TASK TO CARRY OUT – Repeat the entire listing below exactly.

** DATASET EXCERPT follows **

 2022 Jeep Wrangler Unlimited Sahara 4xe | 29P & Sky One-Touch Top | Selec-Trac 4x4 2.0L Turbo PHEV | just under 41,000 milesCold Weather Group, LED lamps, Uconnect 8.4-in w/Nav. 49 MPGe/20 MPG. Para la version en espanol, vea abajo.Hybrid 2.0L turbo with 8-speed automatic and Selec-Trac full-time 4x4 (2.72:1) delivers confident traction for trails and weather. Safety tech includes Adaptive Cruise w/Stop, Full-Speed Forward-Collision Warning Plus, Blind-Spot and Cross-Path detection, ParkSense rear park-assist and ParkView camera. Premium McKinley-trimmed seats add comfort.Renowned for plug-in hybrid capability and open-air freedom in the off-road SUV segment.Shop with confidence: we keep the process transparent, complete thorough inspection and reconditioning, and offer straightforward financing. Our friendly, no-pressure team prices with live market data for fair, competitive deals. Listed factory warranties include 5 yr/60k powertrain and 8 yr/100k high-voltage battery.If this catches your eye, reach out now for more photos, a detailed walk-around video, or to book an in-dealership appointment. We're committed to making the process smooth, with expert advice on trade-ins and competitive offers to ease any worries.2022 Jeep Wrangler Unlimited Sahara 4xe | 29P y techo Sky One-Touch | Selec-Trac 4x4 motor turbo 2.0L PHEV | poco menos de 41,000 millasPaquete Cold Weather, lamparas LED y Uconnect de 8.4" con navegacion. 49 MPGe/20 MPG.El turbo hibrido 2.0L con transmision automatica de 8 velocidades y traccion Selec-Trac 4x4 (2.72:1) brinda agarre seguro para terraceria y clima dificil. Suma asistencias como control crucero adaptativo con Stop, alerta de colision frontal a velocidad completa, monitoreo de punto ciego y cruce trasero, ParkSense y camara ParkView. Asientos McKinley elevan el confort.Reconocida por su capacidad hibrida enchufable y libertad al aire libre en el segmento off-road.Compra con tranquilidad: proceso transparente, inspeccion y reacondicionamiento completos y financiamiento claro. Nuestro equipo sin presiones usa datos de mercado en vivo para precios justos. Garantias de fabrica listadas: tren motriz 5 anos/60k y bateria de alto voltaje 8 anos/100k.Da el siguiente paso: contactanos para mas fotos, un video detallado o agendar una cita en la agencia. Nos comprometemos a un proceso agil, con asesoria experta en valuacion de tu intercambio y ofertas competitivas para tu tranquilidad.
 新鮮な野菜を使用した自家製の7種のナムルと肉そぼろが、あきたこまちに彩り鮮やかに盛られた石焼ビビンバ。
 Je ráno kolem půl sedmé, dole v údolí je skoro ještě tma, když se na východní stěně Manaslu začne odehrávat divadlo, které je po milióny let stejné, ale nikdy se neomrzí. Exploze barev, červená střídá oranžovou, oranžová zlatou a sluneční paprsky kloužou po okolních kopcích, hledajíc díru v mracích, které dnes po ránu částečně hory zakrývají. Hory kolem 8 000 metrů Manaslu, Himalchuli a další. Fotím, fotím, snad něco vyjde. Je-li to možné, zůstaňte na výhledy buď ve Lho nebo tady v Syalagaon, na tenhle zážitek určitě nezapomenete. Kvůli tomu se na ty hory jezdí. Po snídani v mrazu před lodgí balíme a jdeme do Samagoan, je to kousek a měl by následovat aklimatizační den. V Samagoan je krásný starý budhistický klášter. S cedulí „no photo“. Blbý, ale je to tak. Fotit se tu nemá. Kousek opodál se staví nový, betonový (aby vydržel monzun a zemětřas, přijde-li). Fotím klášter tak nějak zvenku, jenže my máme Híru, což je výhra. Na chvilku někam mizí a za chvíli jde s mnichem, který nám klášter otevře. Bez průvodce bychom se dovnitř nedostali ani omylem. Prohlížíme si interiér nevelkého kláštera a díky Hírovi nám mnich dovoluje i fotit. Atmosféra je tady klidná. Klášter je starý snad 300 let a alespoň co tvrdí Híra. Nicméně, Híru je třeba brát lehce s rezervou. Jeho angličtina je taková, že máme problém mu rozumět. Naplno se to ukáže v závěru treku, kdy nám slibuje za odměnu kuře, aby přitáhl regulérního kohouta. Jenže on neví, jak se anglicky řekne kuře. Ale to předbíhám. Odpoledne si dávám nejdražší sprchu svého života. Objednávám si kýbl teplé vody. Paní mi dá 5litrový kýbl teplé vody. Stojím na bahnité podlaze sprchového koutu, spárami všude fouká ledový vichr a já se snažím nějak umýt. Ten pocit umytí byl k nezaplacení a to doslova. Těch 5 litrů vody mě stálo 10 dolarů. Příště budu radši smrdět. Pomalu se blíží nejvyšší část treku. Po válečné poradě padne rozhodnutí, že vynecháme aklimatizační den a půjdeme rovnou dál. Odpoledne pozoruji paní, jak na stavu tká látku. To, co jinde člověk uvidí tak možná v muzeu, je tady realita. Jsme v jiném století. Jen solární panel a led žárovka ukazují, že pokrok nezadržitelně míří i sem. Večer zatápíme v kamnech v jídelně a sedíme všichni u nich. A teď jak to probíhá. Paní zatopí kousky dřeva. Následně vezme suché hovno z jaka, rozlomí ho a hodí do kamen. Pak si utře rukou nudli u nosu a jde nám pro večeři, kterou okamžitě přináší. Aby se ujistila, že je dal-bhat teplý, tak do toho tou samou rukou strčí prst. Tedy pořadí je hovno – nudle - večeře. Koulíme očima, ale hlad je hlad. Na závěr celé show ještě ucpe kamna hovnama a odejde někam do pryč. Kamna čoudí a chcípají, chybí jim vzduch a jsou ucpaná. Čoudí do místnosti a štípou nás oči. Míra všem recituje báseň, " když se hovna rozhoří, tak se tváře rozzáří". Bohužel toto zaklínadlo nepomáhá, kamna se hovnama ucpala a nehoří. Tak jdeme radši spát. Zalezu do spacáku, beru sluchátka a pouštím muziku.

** End of DATASET EXCERPT **

WRITTEN SOLUTION –
 2022 Jeep Wrangler Unlimited Sahara 4xe | 29P & Sky One-Touch Top | Selec-Trac 4x4 2.0L Turbo PHEV | just under 41,000 milesCold Weather Group, LED lamps, Uconnect 8.4-in w/Nav. 49 MPGe/20 MPG. Para la version en espanol, vea abajo.Hybrid 2.0L turbo with 8-speed automatic and Selec-Trac full-time 4x4 (2.72:1) delivers confident traction for trails and weather. Safety tech includes Adaptive Cruise w/Stop, Full-Speed Forward-Collision Warning Plus, Blind-Spot and Cross-Path detection, ParkSense rear park-assist and ParkView camera. Premium McKinley-trimmed seats add comfort.Renowned for plug-in hybrid capability and open-air freedom in the off-road SUV segment.Shop with confidence: we keep the process transparent, complete thorough inspection and reconditioning, and offer straightforward financing. Our friendly, no-pressure team prices with live market data for fair, competitive deals. Listed factory warranties include 5 yr/60k powertrain and 8 yr/100k high-voltage battery.If this catches your eye, reach out now for more photos, a detailed walk-around video, or to book an in-dealership appointment. We're committed to making the process smooth, with expert advice on trade-ins and competitive offers to ease any worries.2022 Jeep Wrangler Unlimited Sahara 4xe | 29P y techo Sky One-Touch | Selec-Trac 4x4 motor turbo 2.0L PHEV | poco menos de 41,000 millasPaquete Cold Weather, lamparas LED y Uconnect de 8.4" con navegacion. 49 MPGe/20 MPG.El turbo hibrido 2.0L con transmision automatica de 8 velocidades y traccion Selec-Trac 4x4 (2.72:1) brinda agarre seguro para terraceria y clima dificil. Suma asistencias como control crucero adaptativo con Stop, alerta de colision frontal a velocidad completa, monitoreo de punto ciego y cruce trasero, ParkSense y camara ParkView. Asientos McKinley elevan el confort.Reconocida por su capacidad hibrida enchufable y libertad al aire libre en el segmento off-road.Compra con tranquilidad: proceso transparente, inspeccion y reacondicionamiento completos y financiamiento claro. Nuestro equipo sin presiones usa datos de mercado en vivo para precios justos. Garantias de fabrica listadas: tren motriz 5 anos/60k y bateria de alto voltaje 8 anos/100k.Da el siguiente paso: contactanos para mas fotos, un video detallado o agendar una cita en la agencia. Nos comprometemos a un proceso agil, con asesoria experta en valuacion de tu intercambio y ofertas competitivas para tu tranquilidad.
 新鮮な野菜を使用した自家製の7種のナムルと肉そぼろが、あきたこまちに彩り鮮やかに盛られた石焼ビビンバ。
 Je ráno kolem půl sedmé, dole v údolí je skoro ještě tma, když se na východní stěně Manaslu začne odehrávat divadlo, které je po milióny let stejné, ale nikdy se neomrzí. Exploze barev, červená střídá oranžovou, oranžová zlatou a sluneční paprsky kloužou po okolních kopcích, hledajíc díru v mracích, které dnes po ránu částečně hory zakrývají. Hory kolem 8 000 metrů Manaslu, Himalchuli a další. Fotím, fotím, snad něco vyjde. Je-li to možné, zůstaňte na výhledy buď ve Lho nebo tady v Syalagaon, na tenhle zážitek určitě nezapomenete. Kvůli tomu se na ty hory jezdí. Po snídani v mrazu před lodgí balíme a jdeme do Samagoan, je to kousek a měl by následovat aklimatizační den. V Samagoan je krásný starý budhistický klášter. S cedulí „no photo“. Blbý, ale je to tak. Fotit se tu nemá. Kousek opodál se staví nový, betonový (aby vydržel monzun a zemětřas, přijde-li). Fotím klášter tak nějak zvenku, jenže my máme Híru, což je výhra. Na chvilku někam mizí a za chvíli jde s mnichem, který nám klášter otevře. Bez průvodce bychom se dovnitř nedostali ani omylem. Prohlížíme si interiér nevelkého kláštera a díky Hírovi nám mnich dovoluje i fotit. Atmosféra je tady klidná. Klášter je starý snad 300 let a alespoň co tvrdí Híra. Nicméně, Híru je třeba brát lehce s rezervou. Jeho angličtina je taková, že máme problém mu rozumět. Naplno se to ukáže v závěru treku, kdy nám slibuje za odměnu kuře, aby přitáhl regulérního kohouta. Jenže on neví, jak se anglicky řekne kuře. Ale to předbíhám. Odpoledne si dávám nejdražší sprchu svého života. Objednávám si kýbl teplé vody. Paní mi dá 5litrový kýbl teplé vody. Stojím na bahnité podlaze sprchového koutu, spárami všude fouká ledový vichr a já se snažím nějak umýt. Ten pocit umytí byl k nezaplacení a to doslova. Těch 5 litrů vody mě stálo 10 dolarů. Příště budu radši smrdět. Pomalu se blíží nejvyšší část treku. Po válečné poradě padne rozhodnutí, že vynecháme aklimatizační den a půjdeme rovnou dál. Odpoledne pozoruji paní, jak na stavu tká látku. To, co jinde člověk uvidí tak možná v muzeu, je tady realita. Jsme v jiném století. Jen solární panel a led žárovka ukazují, že pokrok nezadržitelně míří i sem. Večer zatápíme v kamnech v jídelně a sedíme všichni u nich. A teď jak to probíhá. Paní zatopí kousky dřeva. Následně vezme suché hovno z jaka, rozlomí ho a hodí do kamen. Pak si utře rukou nudli u nosu a jde nám pro večeři, kterou okamžitě přináší. Aby se ujistila, že je dal-bhat teplý, tak do toho tou samou rukou strčí prst. Tedy pořadí je hovno – nudle - večeře. Koulíme očima, ale hlad je hlad. Na závěr celé show ještě ucpe kamna hovnama a odejde někam do pryč. Kamna čoudí a chcípají, chybí jim vzduch a jsou ucpaná. Čoudí do místnosti a štípou nás oči. Míra všem recituje báseň, " když se hovna rozhoří, tak se tváře rozzáří". Bohužel toto zaklínadlo nepomáhá, kamna se hovnama ucpala a nehoří. Tak jdeme radši spát. Zalezu do spacáku, beru sluchátka a pouštím muziku.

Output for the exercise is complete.